Ford Taurus SHO
What's an dual overhead cam powered sport sedan disguised as a family car doing in a web site about a 1935 pickup truck with a flathead engine?
Well, the Taurus SHO is more or less responsible for my getting involved with cars as a hobby as opposed to just transportation.
When I was a teenager, I wasn't really into cars. I did help my mother pick out a used car for my dad when I was around 14. I was astounded that my mother would pick a 1967 Mustang. It was very basic: 6 cylinders, 3 speed manual transmission, but still fun to drive. Heck, anything was fun to drive. But then I went off to college and grad school, and there was no money and little opportunity to drive. When I finished grad school I purchased a variety of vehicles, used and then new, but all basic transportation vehicles: '71 Plymouth Valiant, '78 Toyota pick-up, '81 Escort station wagon, '84 Dodge van.
At that point, economics no longer dictated the most basic choice, but I still preferred driving manual transmission. Here in New England, there's enough snow where careful use of the clutch will keep you from spinning the tires, and if you stay out of the Boston traffic jams, shifting is fun, not a chore. In 1987 I bought one of the few Ford Taurus with a manual transmission, the MT-5. In many ways this car is the precursor to the Taurus SHO: (optional) leather seats with power adjustments, cornering lamps, premium sound system (but not up to audiophile standards), but definitely not in the engine department which was only offered in a 2.5L four cylinder engine. Still, it was a comfortable and reliable if not speedy car.
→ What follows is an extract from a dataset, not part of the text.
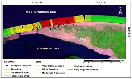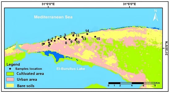 El-Burullus Lake, located in Kafr El-Sheikh Governorate (30°22′–31°35′ N; 30°33′–31°08′), Egypt, covers around 410 km2 and is the second largest coastal lake in northern Egypt. It is located on the eastern bank of the Rosetta branch of the River Nile (Figure 1b). Fifteen samples were collected along the Mediterranean seashore between Baltim and El-Burullus (Figure 2) with the aid of a spiral bar, rotated to a depth of one meter. The coordinates of the sampling points are presented in Table A1, Appendix A. The collected sediment samples were stored in plastic bags, kept in an ice box at (4 °C), and transferred to the laboratory, where they were kept in plastic bags for analysis after being dried in air at room temperature.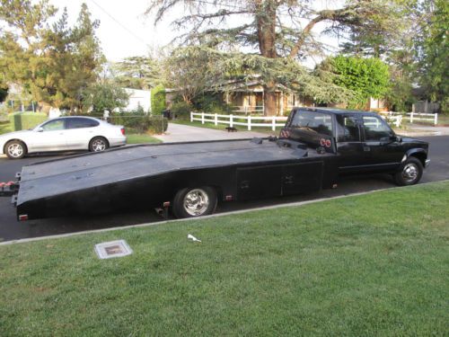 GMC C/K3500 Extended Cab hauler Ramp Truck v8 6.5 turbo diesel with 77k miles. 2-wheel drive with 18-foot flatbed car hauler (has

Fast forward to 1996: my Taurus was at the nine year old mark and starting to show its age. My oldest son was approaching driving age and in a year I would be looking at too many years of paying college tuitions. Time to get something new. One of my co-workers had purchased a Taurus SHO a couple years after I bought my Taurus. I rode in it a lot when we went to lunch together, but hadn't driven it myself. The SHO looks like a Taurus on the outside but has a real engine on the inside: a 3.0 Liter engine made for Ford by Yamaha that looks like it came out of a Formula 1 car. The trouble was that in 1996, when Ford redesigned the Taurus they dropped the manual transmission option. They still make SHO's, but the new SHO's are automatic transmission only. I ended up just a little too late to find a new 1995 Taurus SHO at a dealer, but found a used 1994 SHO 5-speed that had been owned by an enthusiast (maybe fanatic is a better word) who had taken good care of the car.
As a bonus, I had saved enough by buying a used car instead of a new one to indulge in some advanced adolescent behavior and bought a 1966 Mustang. Like many people buying their first vintage car, I probably spent a little too much for it, but it's a convertible, looks nice and was restored by someone else about 5 years ago. It's also just a 6 cylinder with an automatic transmission, but still fun to drive.
Although the car was restored back in 1990, there doesn't seem to be any shortage of things that need to be done. A lot of the sheet metal was replaced, including floor pans, fenders and quarter panels, but the doors, deck lid and hood are original. Someone did a nice job of welding pieces like the floor pans in, but some of the other assembly work under the hood was not done as carefully. We've had some of this fixed, and replaced other things like hoses, alternator wiring harness, spark plug wires, fuel lines and vacuum lines ourselves. The engine block was painted, but not rebuilt, and the paint is starting to peel in places. And the inner fenders and firewall weren't cleaned up too well. We haven't decided whether to the current motor rebuilt and detailed, get a blueprinted 6 cylinder motor from someone like Clifford Performance, or to look for another car with a V8 and a better restoration.
We do take the car to local Mustang shows where we have never failed to receive a dash plaque for participation, and once got a plaque for second place, 1966 and earlier Mustang convertibles. While the car doesn't look thirty years old, it does look five years old (at least), and does get driven regularly in the summer, although my wife still uses the van more for her nursery business and doesn't haul plants around in the Mustang.